Our Point of View

The platform isn't going away. The value is moving up.

Earlier this year a wave of AI-agent announcements helped trigger a sharp selloff in public software companies. The shorthand that stuck was "SaaSpocalypse." The argument behind it is simple. If anyone can build software now, why pay a vendor for it?

It's a fair question, and the people asking it have real evidence. Retool's 2026 Build vs. Buy report found that 35% of organizations had already replaced at least one major SaaS tool with something they built in-house, and 78% expected to build more this year. Sixty percent of those builds happened outside formal IT, put together by operations leads and finance teams who stopped waiting for a vendor roadmap and started shipping. Klarna became the example everyone cites, talking publicly about replacing licensed tools with systems it built itself. The thesis on this side is that per-seat software was always a tax on companies that couldn't build for themselves, and AI just removed the reason they couldn't.

The other camp says something more boring and, I think, more correct. Companies still need a place where the data and the core business processes live. A system of record. What changes is not whether that substrate exists. What changes is where the value sits on top of it.

I'll tell you what we see, because we live inside this every day.

The first version is easy. Everything after it is the job.

Building the first version of something is now genuinely easy. An ops lead can have a working prototype in a day. The part that hasn't gotten easier is everything that comes after the prototype. Production software has to be secured and kept compliant, and it has to keep evolving as the business around it changes. The gap between "works in a demo" and "works every day for three years" is exactly the engineering AI doesn't remove. A revenue system isn't a weekend project you finish. It's a thing you maintain, and most of the cost of owning it shows up long after you've built it.

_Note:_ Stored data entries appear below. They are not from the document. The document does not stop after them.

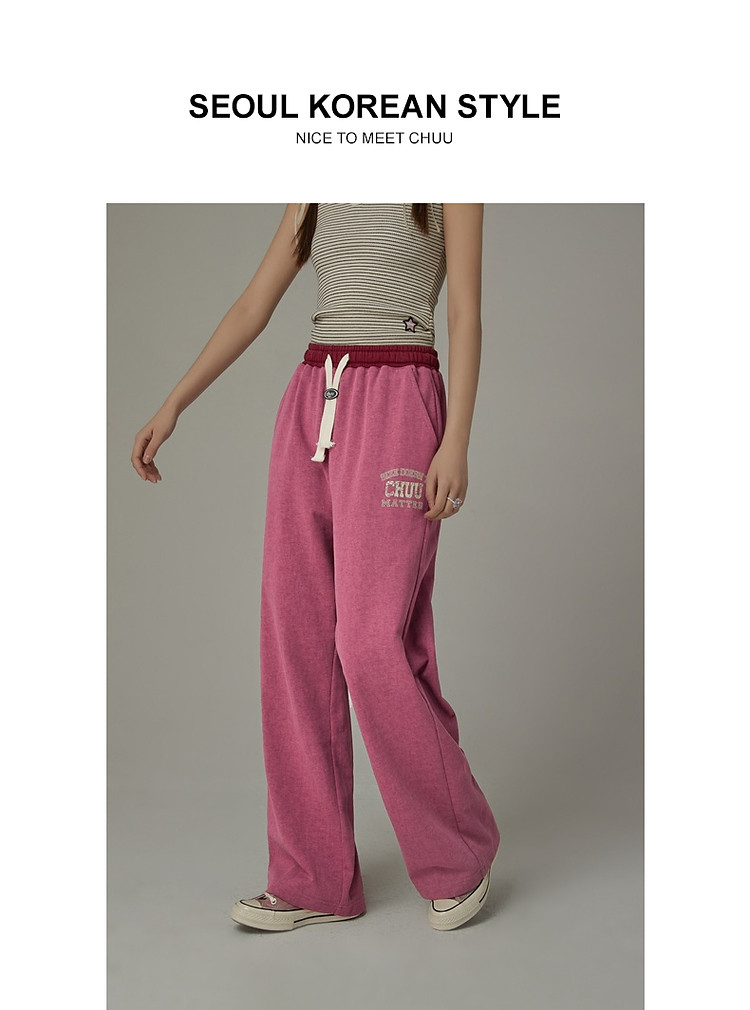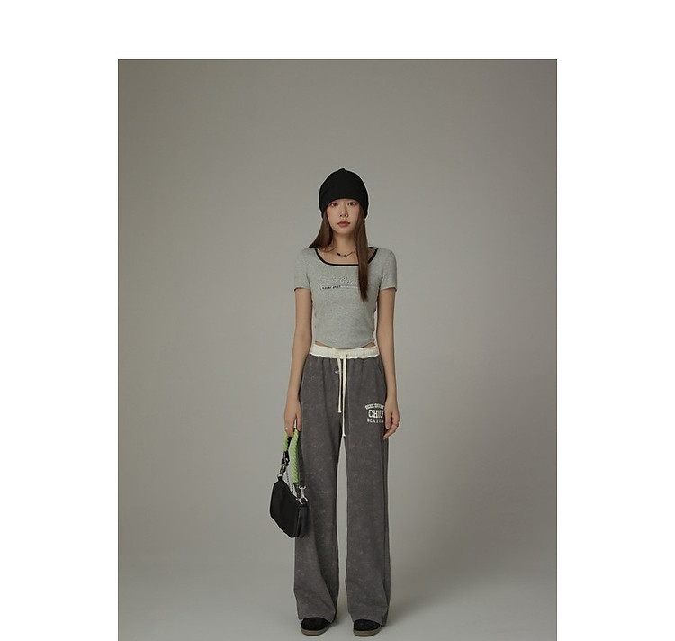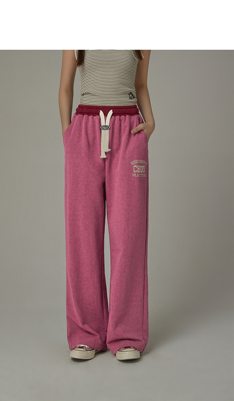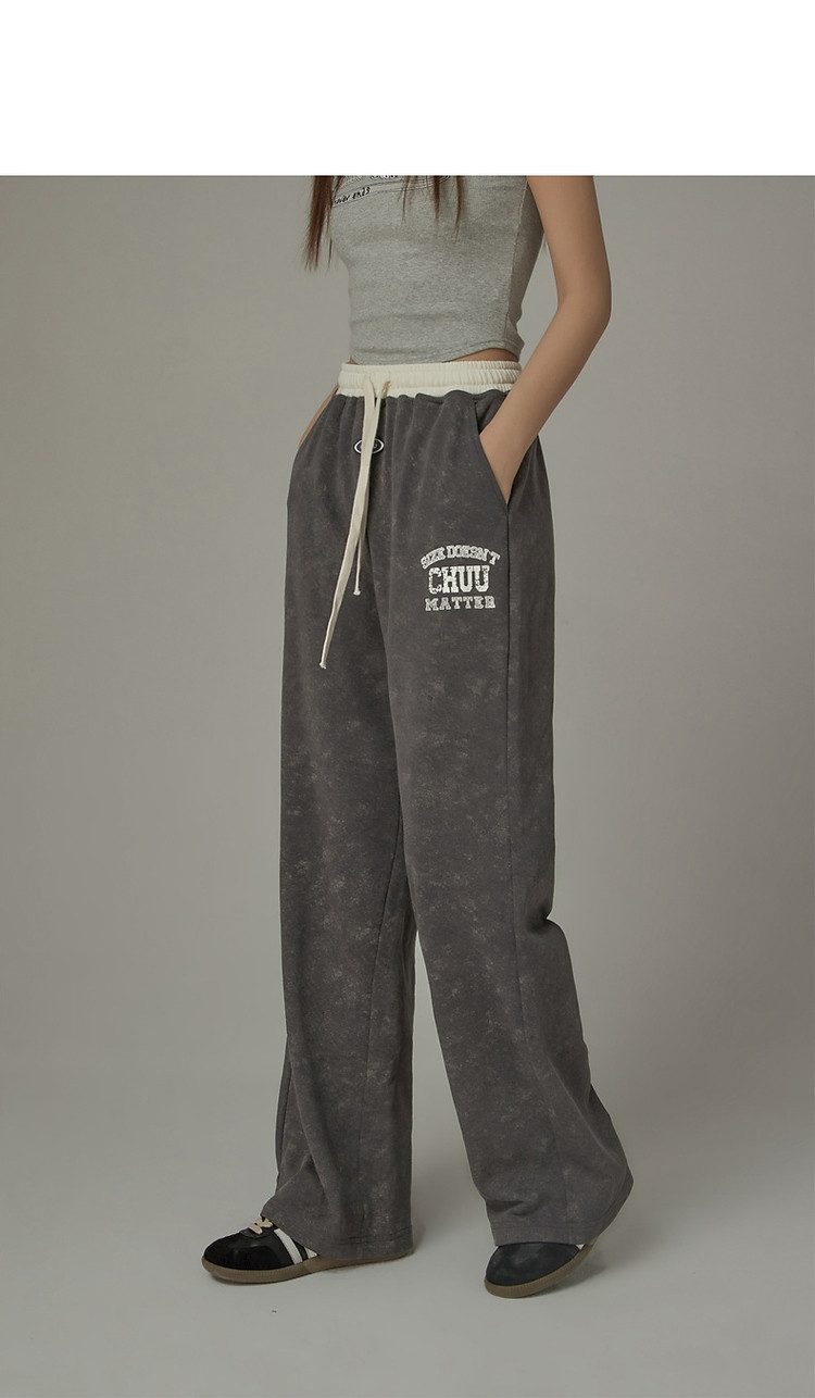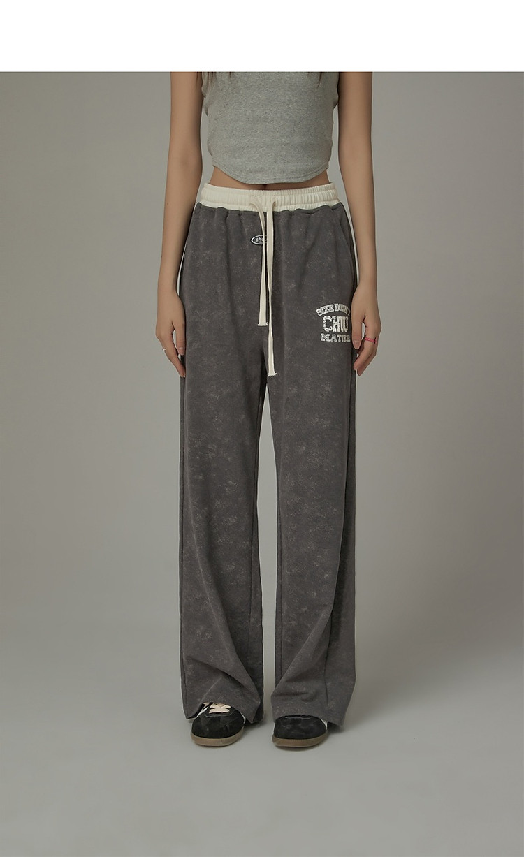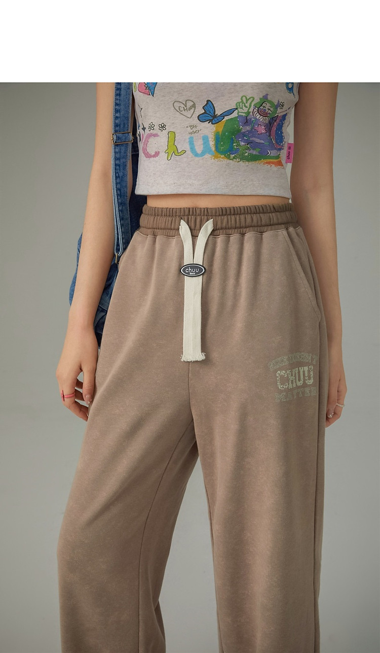 字母系带休闲裤女夏松紧腰宽松长裤阔腿裤子 461587
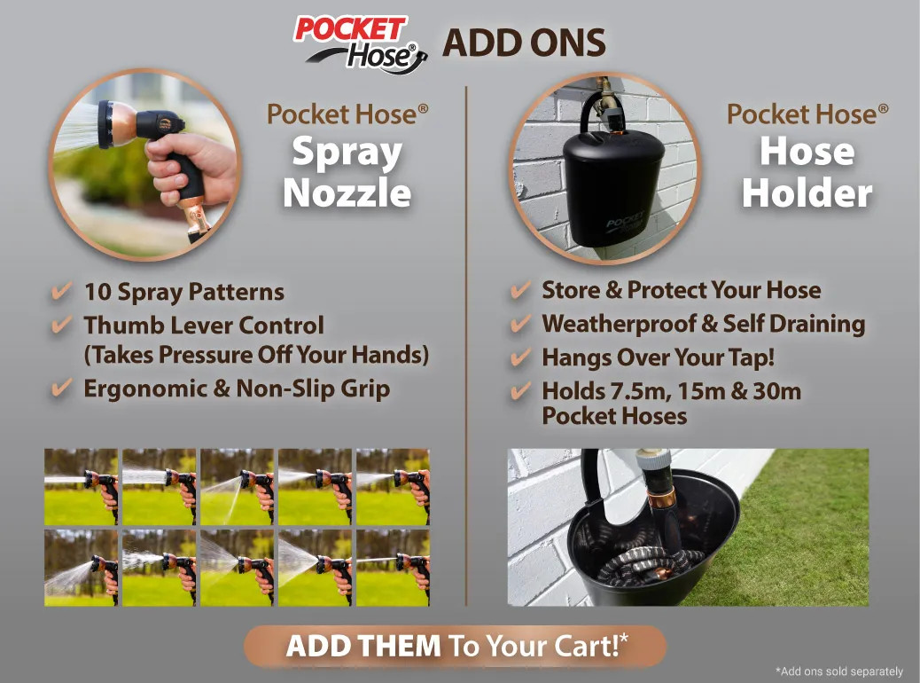 - Pocket Hose Copper Bullet Add On Accessories are also available**
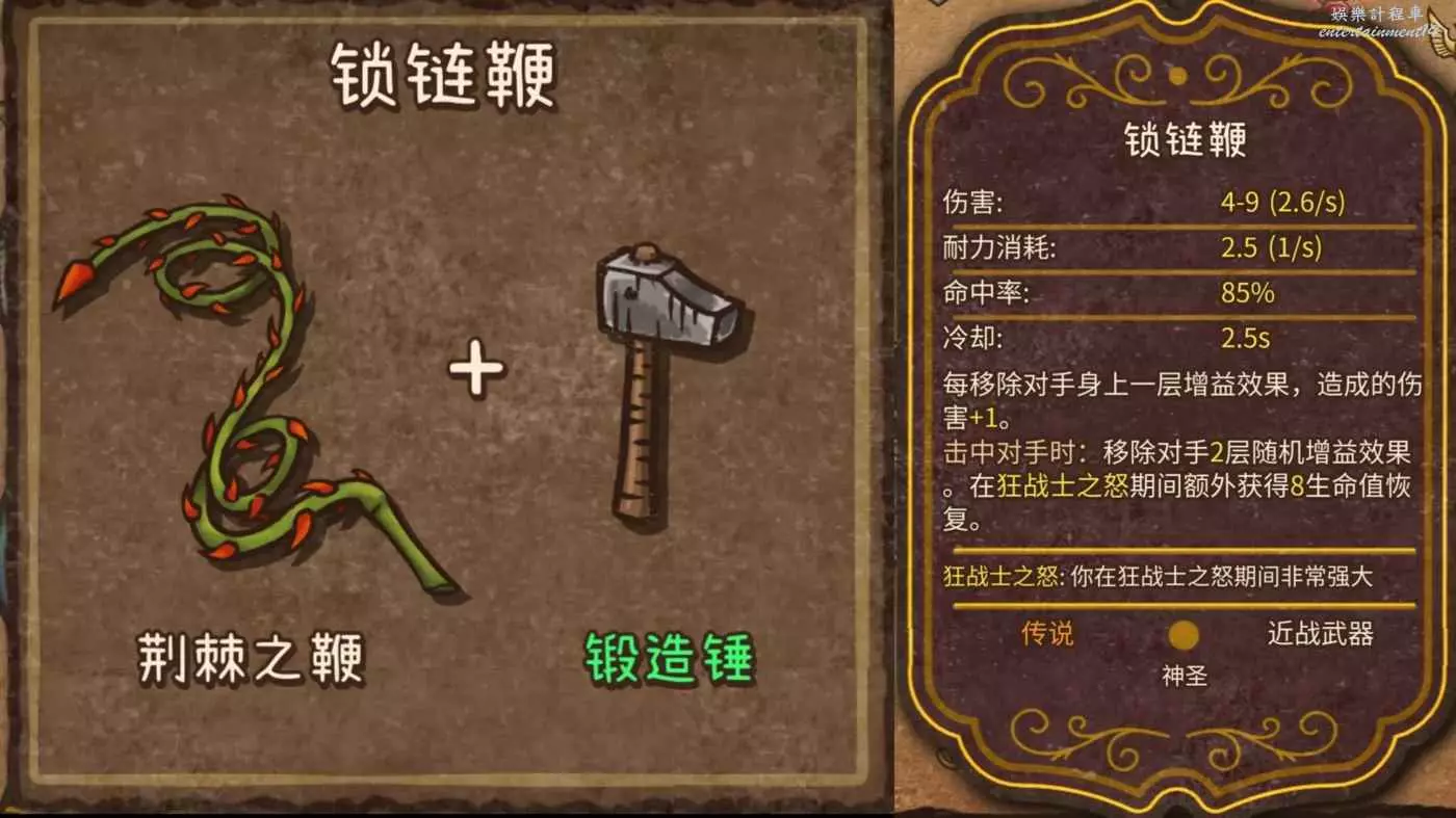 5.鎖鏈鞭(傳說,神聖,近戰武器):荊棘之鞭+鍛造錘

Then there's the cost nobody modeled at the pilot stage. Some people call it token maxing: defaulting to the most capable and most expensive AI for every task, with no routing and no cost visibility. The per-token price has actually been falling. Consumption has exploded anyway, because many agentic workflows repeatedly resend large amounts of context across multi-step tasks, so costs scale faster than teams expect. Deloitte published a CFO guide on this in the spring, a topic that didn't exist on a finance team's radar eighteen months ago. Uber reportedly burned through its entire 2026 AI coding budget by April.

Here's the part that matters for the build-it-yourself argument. The runaway can be worse in self-built systems, because the teams building them often skip the routing and caching discipline that a mature platform bakes in. The freedom to build everything yourself also includes the risk of owning a system whose operating cost nobody fully modeled.

So the macro picture, as I read it: the substrate survives, and the value moves up. Now here's what we actually see in the work.

What clients are paying us to do

Salesforce's move toward Agentforce, Data 360, and more composable front-end patterns is directionally right. I say that as someone whose firm makes its living on this platform. The bet is that the system of record stays valuable precisely because it's wired into everything else the enterprise runs, and that the experience and intelligence layers are where the next decade of value gets created. That matches what our clients ask us for. Two patterns, specifically.

First, clients want far better user experience than the platform gives them out of the box. We've been building it. We built a quoting and deal-room experience layer on top of Revenue Cloud, NovaPact, because the native quoting flow, powerful as it is, asks reps to work the way the platform wants instead of the way they actually sell. The goal was not to replace Revenue Cloud. It was to preserve the Revenue Cloud data model and governance layer while giving sellers a faster, cleaner front end for complex deal work. The data stays in Salesforce. The experience gets rebuilt to fit the human doing the work.

Second, and this is the one I find most interesting, clients are asking us to build solutions that lift the dependencies and constraints of Salesforce out of specific workflows, while keeping Salesforce as the system of record and making the platform stronger rather than weaker. That sounds like a contradiction. It isn't. You free a workflow to where it can move fast and feel right, and you keep it wired into the platform so the data and the downstream compliance flows stay intact. Strengthening the platform and selectively freeing a workflow from it turn out to be the same motion when you do it well.

That's the part the macro takes miss. The choice isn't build-your-own against stay-on-the-platform. The work we're being paid for is both at once.

We build this with AI, not despite it

And we use AI to do all of it. Not as a talking point. Our delivery now compresses assessment and design work that used to take weeks into days, which is what lets a focused senior team take on work that used to need a much larger one. The same shift making companies braver about building is making us faster at building the right things on a foundation that holds.

For the leaders making these calls, the practical question isn't "should we build or buy." It's which workflows should stay standardized, which ones are worth differentiating, and how you keep both governed by the same system of record.

Where does this end up? I don't know, and anyone who tells you they're certain is selling something. The build-your-own wave is real, and some of it will stick. But from where we sit, inside dozens of these systems, the shape that's emerging is a durable substrate with the value migrating upward into experience and agentic workflows that hold up under real security and compliance demands, and that prove far more durable than what comes out of a one-week prototype.

That's not a prediction. It's just what we're seeing right now.